彼は自分の一本足を犠牲にして、彼らの乗った板きれを深い谷底に落とすことを食い止めたのだ。
「おい、しっかりしろよ!?すぐに新しい棒を見つけてやるから!」
ぐったりと倒れたカブ頭を抱え、政宗が呼びかけるが彼はもう動きもしない。
「カブ……thank you」
命の恩人に、政宗は感謝を込めてキスをする。
ぷくぷくと身体を膨らませ、ゴムのように大きく伸び縮む姿には、すわゴム人形の来襲かと心底驚いたものだ。
「いやー、助かった助かった。本当ありがとう、政宗!」
古ぼけた案山子姿から一転、派手な傾奇者の衣装に身を包み鮮やかな羽飾りをあしらった大柄な男が現れた。
屈託のない人懐っこい笑い方をする男で、全身で喜びを表す幼くも爽やかな雰囲気が人の警戒心を薄れさせる。
「俺は、隣の国の王子の慶次っていうんだ。
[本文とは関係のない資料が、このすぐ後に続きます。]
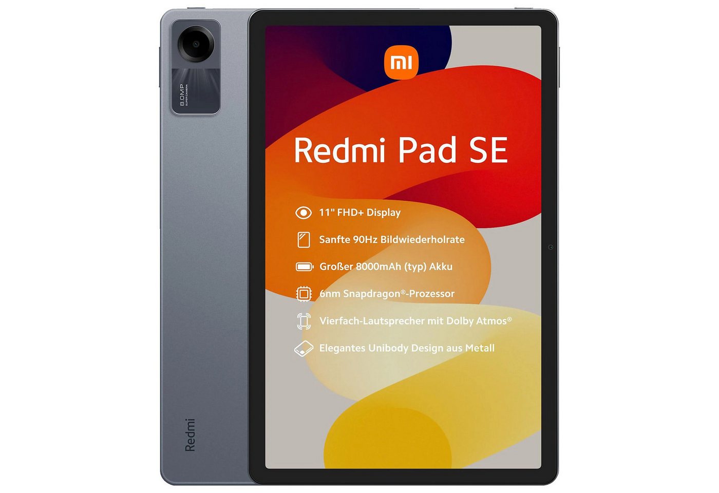 - Das Xiaomi Redmi Pad SE Tablet bietet ein lebendiges visuelles Erlebnis mit seinem 11-Zoll FHD+ Display und einer Bildwiederholrate von 90Hz

呪いでカブ頭にされていたんだよ」
「愛する者にキスされないと解けない呪いだね」
「その通り!政宗が助けてくれなかったら、俺は今頃案山子のまんま死んでたかもな。いやー、やっぱり愛の力ってのは強いね!恋最高!」
「はあ……」
上機嫌に笑いながら、政宗の手を取ってぶんぶんと振り回す。
それでも反応の薄い政宗を見て、上機嫌だった慶次はちょっとだけ困ったように眉を八の字に下げた。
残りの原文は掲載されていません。